Unknown processing time bounds

Finding a good bound B on the processing time is hard, and there may still be unforeseen circumstances that delay processing beyond the chosen bound B. You can avoid these problems by using deduplication offsets instead of durations. An offset defines a point in the history of the ledger and is thus not affected by clock skews and network delays. Offsets are arguably less intuitive and require more effort by the application developer. We recommend the following strategy for using deduplication offsets:

  1. Choose a fresh command ID for the ledger change and the actAs parties, which (together with the application ID) determine the change ID. Remember the command ID across application crashes. (Analogous to Step 1 above)

  2. Obtain a recent offset OFF0 on the completion event stream and remember across crashes that you use OFF0 with the chosen command ID. There are several ways to do so:

    • Use the Command Completion Service by asking for the current ledger end.

      Note

      Some ledger implementations reject deduplication offsets that do not identify a command completion visible to the submitting parties with the error code id INVALID_DEDUPLICATION_PERIOD. In general, the ledger end need not identify a command completion that is visible to the submitting parties. When running on such a ledger, use the Command Service approach described next.

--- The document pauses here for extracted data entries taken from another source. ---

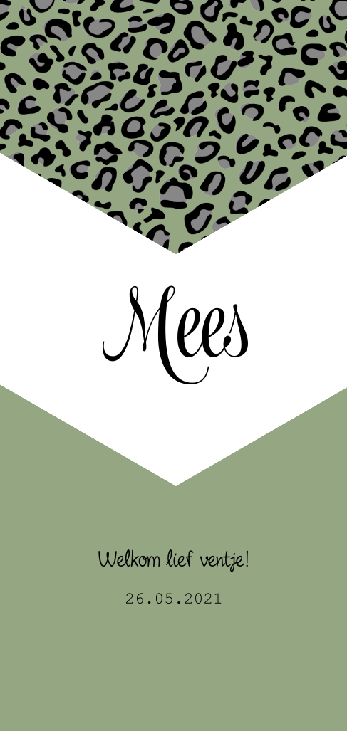 Hip langwerpig geboortekaartje panter print voor een jongetje.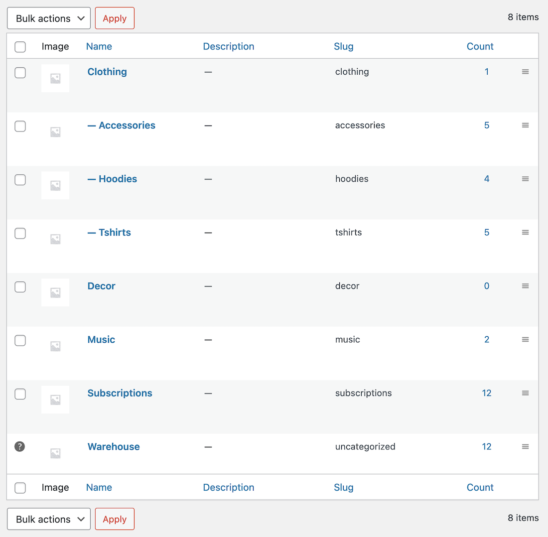 For this example we’ll use the WooCommerce demo data that includes products from multiple categories.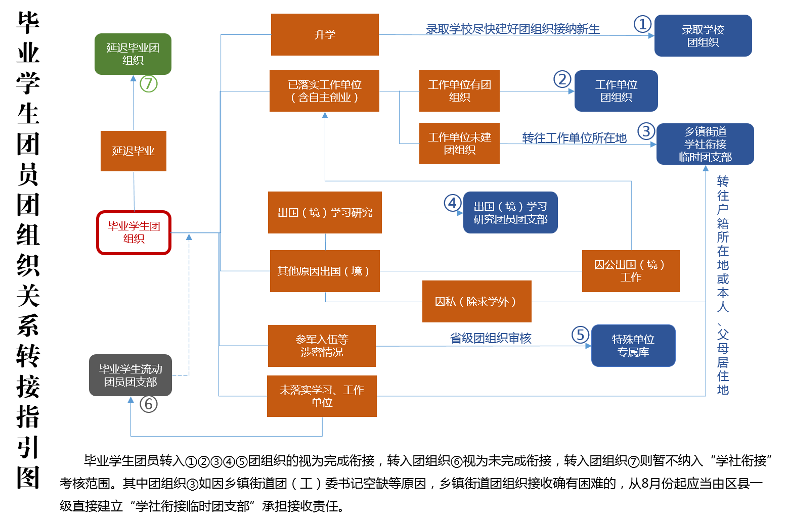 因就业单位无团组织,未就业等原因转至乡镇街道的毕业学生团员,通过“智慧团建”系统申请将团组织关系转接至工作单位所在乡镇街道团组织。

    • Use the Command Service to obtain a recent offset by repeatedly submitting a dummy command, e.g., a Create-And-Exercise command of some single-signatory template with the Archive choice, until you get a successful response. The response contains the completion offset.

  3. When you use the Command Completion Service:

    • If you execute this step the first time, set OFF1 = OFF0.
    • If you execute this step as part of error handling retrying from Step 3, obtaining the completion offset OFF1, obtain a recent offset on the completion stream OFF1, say its current end. (Analogous to step 2 above)
  4. Submit the command with the following parameters (analogous to Step 3 above except for the deduplication period):

    • Set the command ID to the chosen command ID from Step 1.
    • Set the deduplication offset to OFF0.
    • Set the submission ID to a fresh value, e.g., a random UUID.
    • Set the timeout (gRPC deadline) to the expected submission processing time (Command Service) or submission hand-off time (Command Submission Service).
  5. Wait until the RPC call returns a response.

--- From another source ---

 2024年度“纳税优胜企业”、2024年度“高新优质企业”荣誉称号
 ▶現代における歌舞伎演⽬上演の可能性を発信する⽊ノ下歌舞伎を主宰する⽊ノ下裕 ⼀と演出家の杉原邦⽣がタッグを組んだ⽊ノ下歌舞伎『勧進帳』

    • Status codes other than OK should be handled according to error handling.
    • When you use the Command Service and the response carries the status code OK, the ledger change took place. You can report success. The response contains a completion offset that you can use in Step 2 of later submissions.
    • When you use the Command Submission Service, subscribe with the Command Completion Service for completions for actAs from OFF1 (exclusive) until you see a completion event for the change ID and the submission ID chosen in step 3. If the completion’s status is OK, the ledger change took place and you can report success. Other status codes should be handled according to error handling.

Error handling

The same as for known bounds, except that the former retry from Step 2 becomes retry from Step 3.

Failure scenarios

The above strategy can fail in the following scenarios:

  1. No success within the supported deduplication period

    When the application receives a INVALID_DEDUPLICATION_PERIOD error, it cannot achieve exactly once execution any more within the originally intended deduplication period.

  2. Unacceptable changes cause infinite retries

    You need business workflow knowledge to decide that retrying does not make sense any more. Of course, you can always stop retrying and accept that you do not know the outcome for sure.